_Work request_
Copy out the records in full, word for word, without pictures.

_Extracted data_

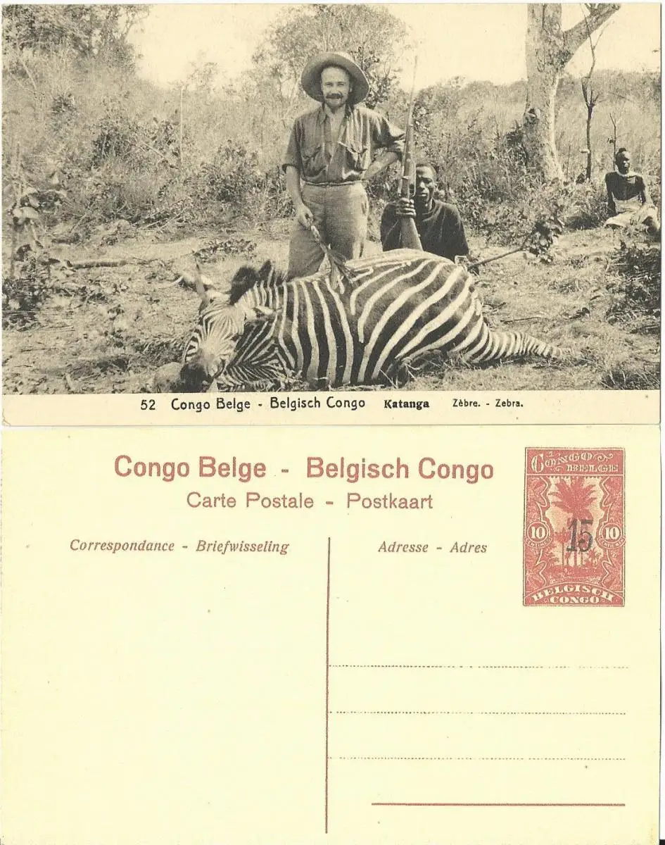 Belgisch Congo, ungebr. 15/10 C. Bild Ganzsache m. Abb. Jäger m. Zebra. H&G55
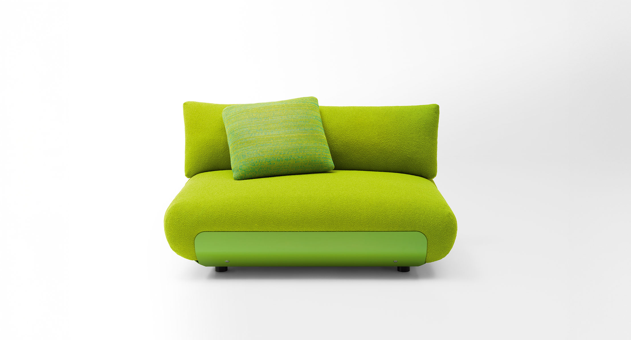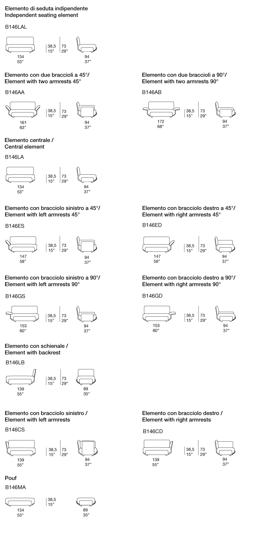 Series composed of armchair, central element, end elements with armrest and pouf.
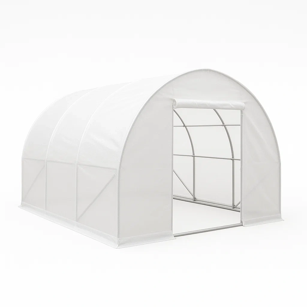 Cette serre tunnel utilise une structure en acier galvanisé solide avec une couverture en polyéthylène stabilisé offrant une bonne protection contre les intempéries.
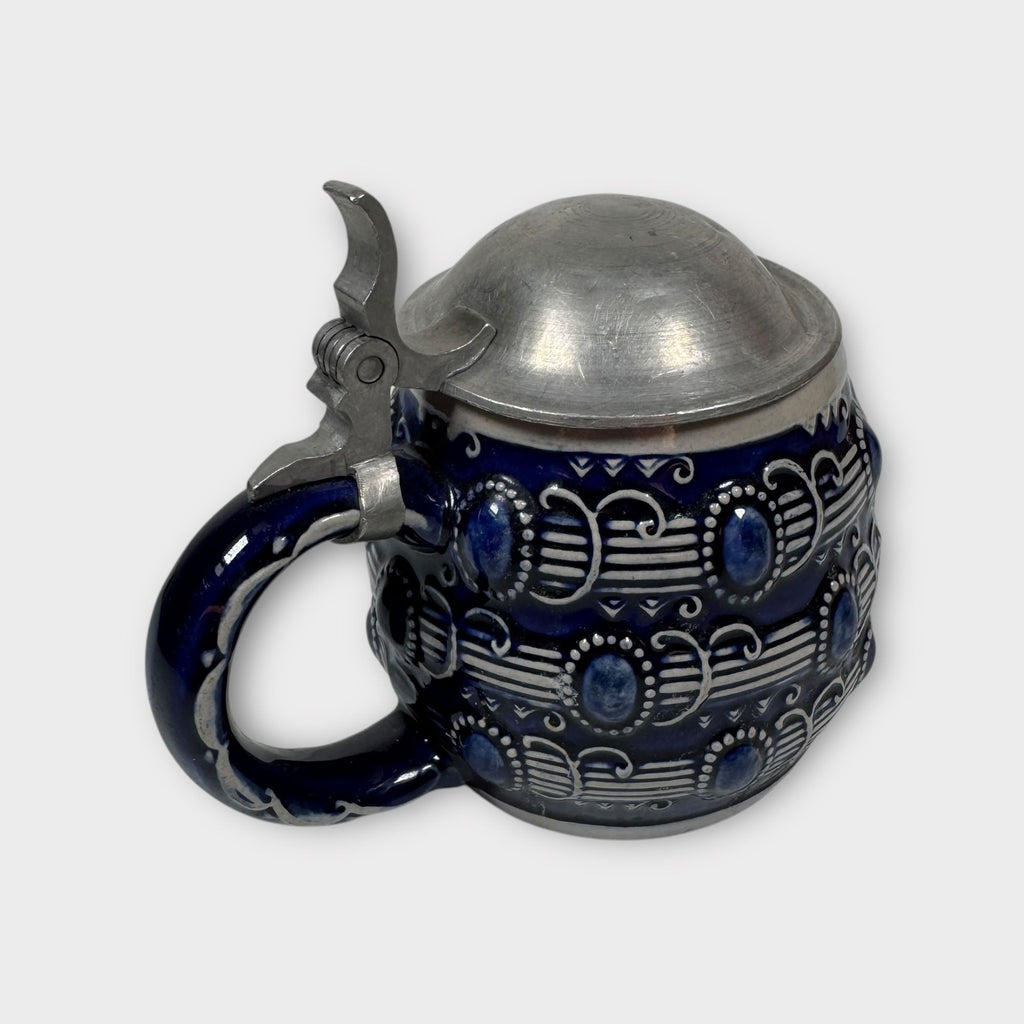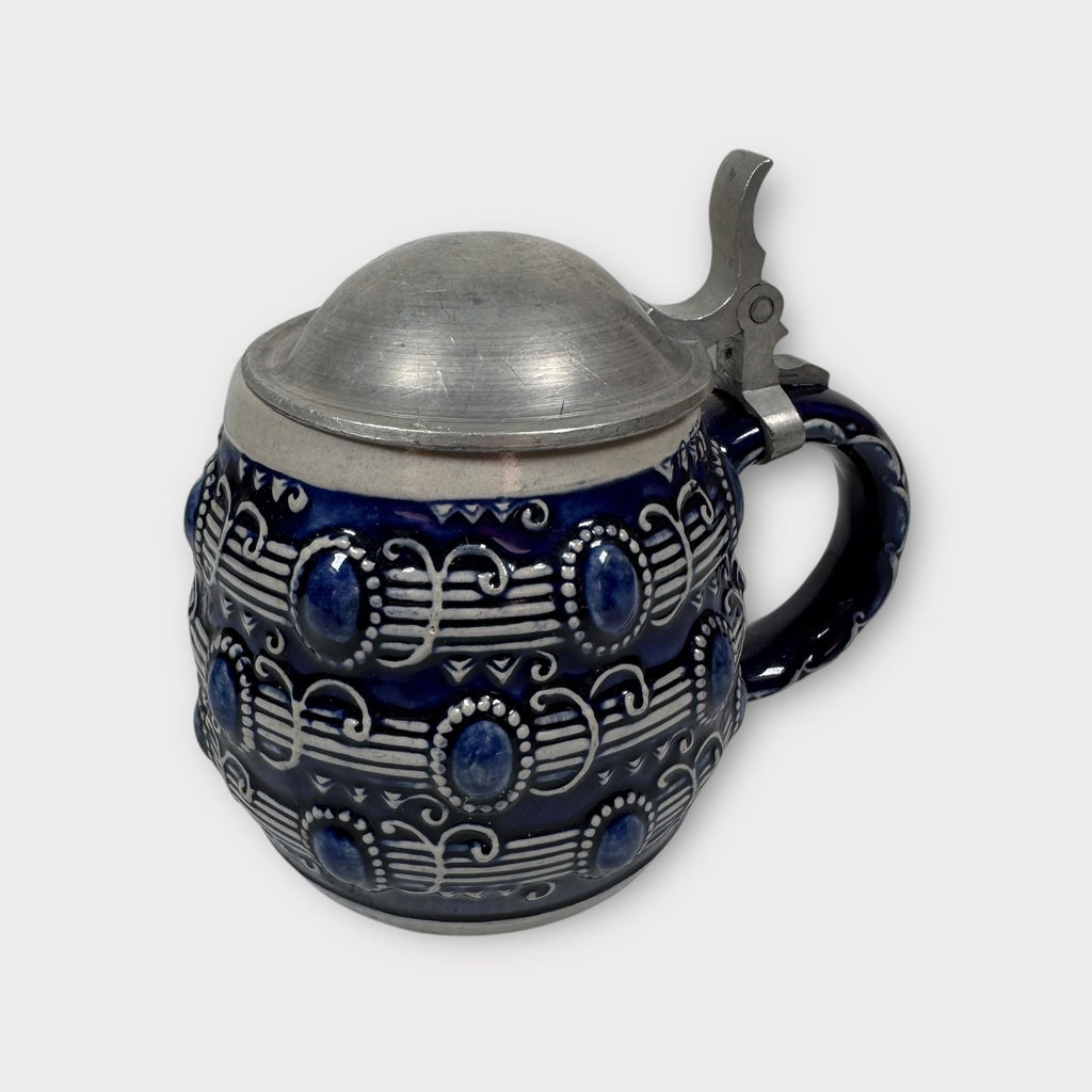 This vintage German stein, crafted in Höhr-Grenzhausen by Reinhold Merkelbach, whispers tales of old-world charm. Its blue ceramic body, adorned with intricate patterns and a sturdy pewter lid, evokes a sense of timeless tradition. A piece rich in character, it stands as a testament to skilled craftsmanship and cultural heritage.
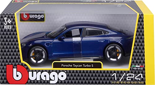 The Bburago 18-21098B Blue Porsche Taycan Turbo S 1:24-Scale Model is an officially licensed product.
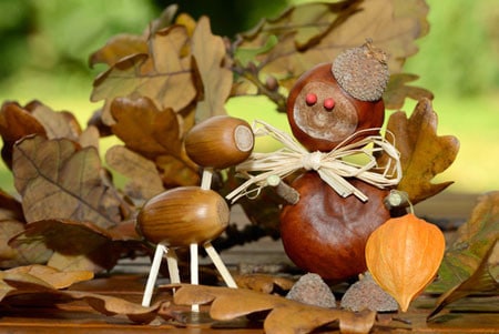Wer jetzt noch nicht in der Bastellaune für Adventssterne ist, kann auf andere Dekoideen zurückgreifen und mit den Kindern Bastelobjekte aus den Früchten des Herbstes wie Kastanien, Eicheln, Blätter uvm. entstehen lassen. Sie glauben nicht, was man damit alles anstellen kann!
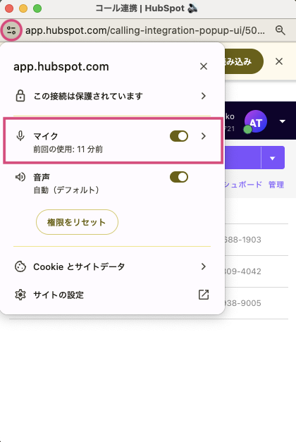 相手の声が聞こえない、または相手に自分の声が聞こえない場合は、HubSpot にマイクの使用許可が付与されているかご確認ください。
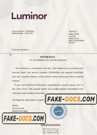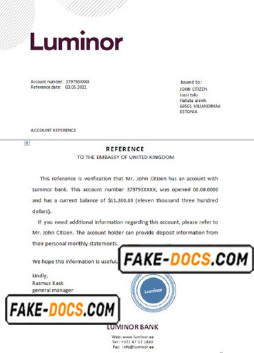 Estonia Luminor Bank template of bank reference letter, Word and PDF format (.doc and .pdf)
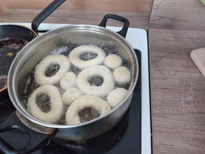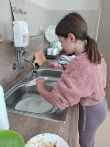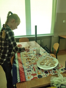 Na jednych z zajęć na zakończenie karnawału zmierzyliśmy się z wykonaniem donatów - wyszły przepyszne. Żeby nie było tylko na słodko, to zrobiliśmy również hamburgery, które smakowały super.

_Output for this task_
 Belgisch Congo, ungebr. 15/10 C. Bild Ganzsache m. Abb. Jäger m. Zebra. H&G55
 Series composed of armchair, central element, end elements with armrest and pouf.
 Cette serre tunnel utilise une structure en acier galvanisé solide avec une couverture en polyéthylène stabilisé offrant une bonne protection contre les intempéries.
 This vintage German stein, crafted in Höhr-Grenzhausen by Reinhold Merkelbach, whispers tales of old-world charm. Its blue ceramic body, adorned with intricate patterns and a sturdy pewter lid, evokes a sense of timeless tradition. A piece rich in character, it stands as a testament to skilled craftsmanship and cultural heritage.
 The Bburago 18-21098B Blue Porsche Taycan Turbo S 1:24-Scale Model is an officially licensed product.
Wer jetzt noch nicht in der Bastellaune für Adventssterne ist, kann auf andere Dekoideen zurückgreifen und mit den Kindern Bastelobjekte aus den Früchten des Herbstes wie Kastanien, Eicheln, Blätter uvm. entstehen lassen. Sie glauben nicht, was man damit alles anstellen kann!
 相手の声が聞こえない、または相手に自分の声が聞こえない場合は、HubSpot にマイクの使用許可が付与されているかご確認ください。
 Estonia Luminor Bank template of bank reference letter, Word and PDF format (.doc and .pdf)
 Na jednych z zajęć na zakończenie karnawału zmierzyliśmy się z wykonaniem donatów - wyszły przepyszne. Żeby nie było tylko na słodko, to zrobiliśmy również hamburgery, które smakowały super.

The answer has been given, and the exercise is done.